How to use eucalyptus
If you’ve been won over by eucalyptus’s powers, you may be wanting to nip out and get yourself some, pronto. A word of warning: you can’t eat eucalyptus leaves fresh, due to toxicity. So what are the best (and safest) ways to reap the benefits of eucalyptus?
🌿 Eucalyptus essential oil
Eucalyptus oil is made from the essential oils extracted from the leaves of certain species of the plant. Use by adding a few drops to a diffuser steamer or bath, for an at-home aromatherapy session. You can also apply eucalyptus oil topically by adding to a carrier oil (such as coconut, sunflower or argan) and massaging onto your skin.
🌿 Eucalyptus tea
To reap the antioxidant benefits of eucalyptus, make eucalyptus tea by infusing half a teaspoon of dried, ground eucalyptus leaves in boiling water for five minutes. Sweeten with honey if desired.
🌿 Dried eucalyptus leaves
Hanging dried eucalyptus leaves in your bathroom will infuse the steam from your bath or shower with the invigorating scent.
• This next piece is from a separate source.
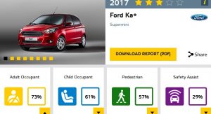 Three stars were scored by the newly launched Ford Ka+, which showed poor protection for the rear passenger in the full-width frontal crash test, and lacking features such as autonomous braking and rear seatbelt pretensioners sealed its fate in the safety assist.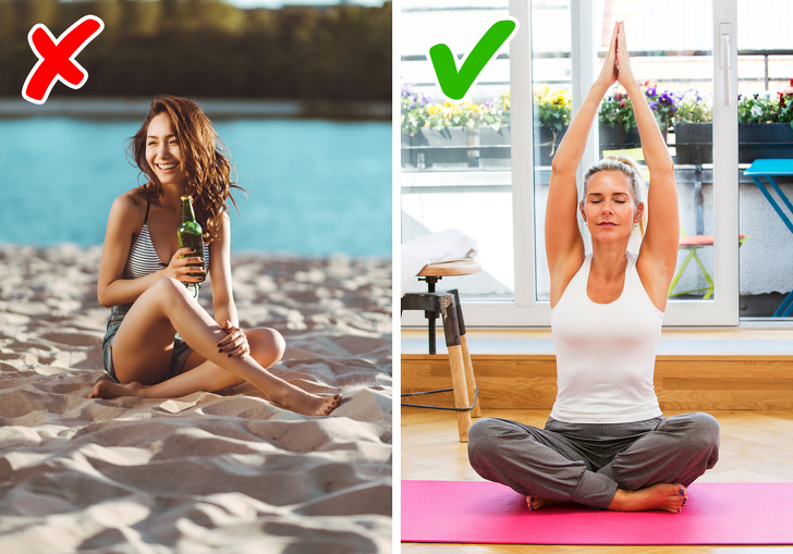 Навіть якщо ви звикли до багатогодинних тренувань у залі, дотримуватися такої програми у відпустці досить складно. Та в цьому немає необхідності: досить влаштовувати собі невеликі навантаження просто заради підтримки тонусу. Можна грамотно поєднати приємне з корисним, спробувавши який-небудь новий вид активності, поширений в місці відпочинку: серфінг, сноубординг, йогу або альпінізм.

Clever, eh?
🌿 Over-the-counter eucalyptus products
Many over-the-counter pharmaceutical products, from vapour rubs to mouthwashes, already harness the power of eucalyptus.
‘Eucalyptus is commonly found in pastilles, as it can help to relieve nasal congestion and can soothe irritation in the throat,’ says Kanani. ‘You can also purchase eucalyptus crystals, which can be sprinkled onto hot water to make a steam. Eucalyptus can also be found in certain creams and rubs that can be applied to the body to provide a soothing effect.’
Is eucalyptus oil safe to use?
While eucalyptus oil offers some great health benefits and is generally considered safe if used properly, there are some important factors to take into consideration:
• Eucalyptus oil toxicity
As we’ve said, fresh eucalyptus leaves are toxic if consumed, so never ingest them. It’s also important that you never add eucalyptus oil to food or drinks, for example, to make tea. The oil is also toxic when ingested. Instead, buy eucalyptus tea bags or use dried leaves when preparing tea.
• Eucalyptus and children
While it’s an ingredient in the vapour rubs commonly used to ease congestion in children, it’s important to note that, due to its rapid absorption, eucalyptus oil can be highly toxic to children. Because of this, it’s vital to keep eucalyptus oil out of reach of children (in an Australian telephone survey, 74 per cent of preschoolers had gained access to eucalyptus oil via a home vapourising unit placed on the floor). And while 82 per cent of children with eucalyptus oil poisoning remained asymptomatic, there have been far more serious cases: toxicity in children can lead to vomiting, drowsiness, headaches, seizures, coma and even death.
And it’s not just ingestion: children have become ill from topical application, too, if too high a concentration of eucalyptus oil is used, so always consult a pharmacist or doctor before use.
• Eucalyptus skin irritation
Topical application may cause skin irritation, so be mindful when applying.
‘If you are using eucalyptus oil on your pillow, clothes, or even directly onto your skin, you should take care if you have skin conditions such as eczema or psoriasis, as eucalyptus can irritate sensitive skin,’ says Kanani.
• Eucalyptus contraindications
As with any essential oil or alternative therapy, it’s important to consult a medical professional before commencing use, especially if you are taking other medication. Eucalyptus oil may interact with other medicines, including those used to treat high cholesterol and mental illnesses. And it can also interfere with existing health conditions.
‘If you are inhaling eucalyptus oil, you should take care if you have a condition that affects your breathing, such as asthma or COPD, as eucalyptus oil may exacerbate these conditions,’ warns Kanani.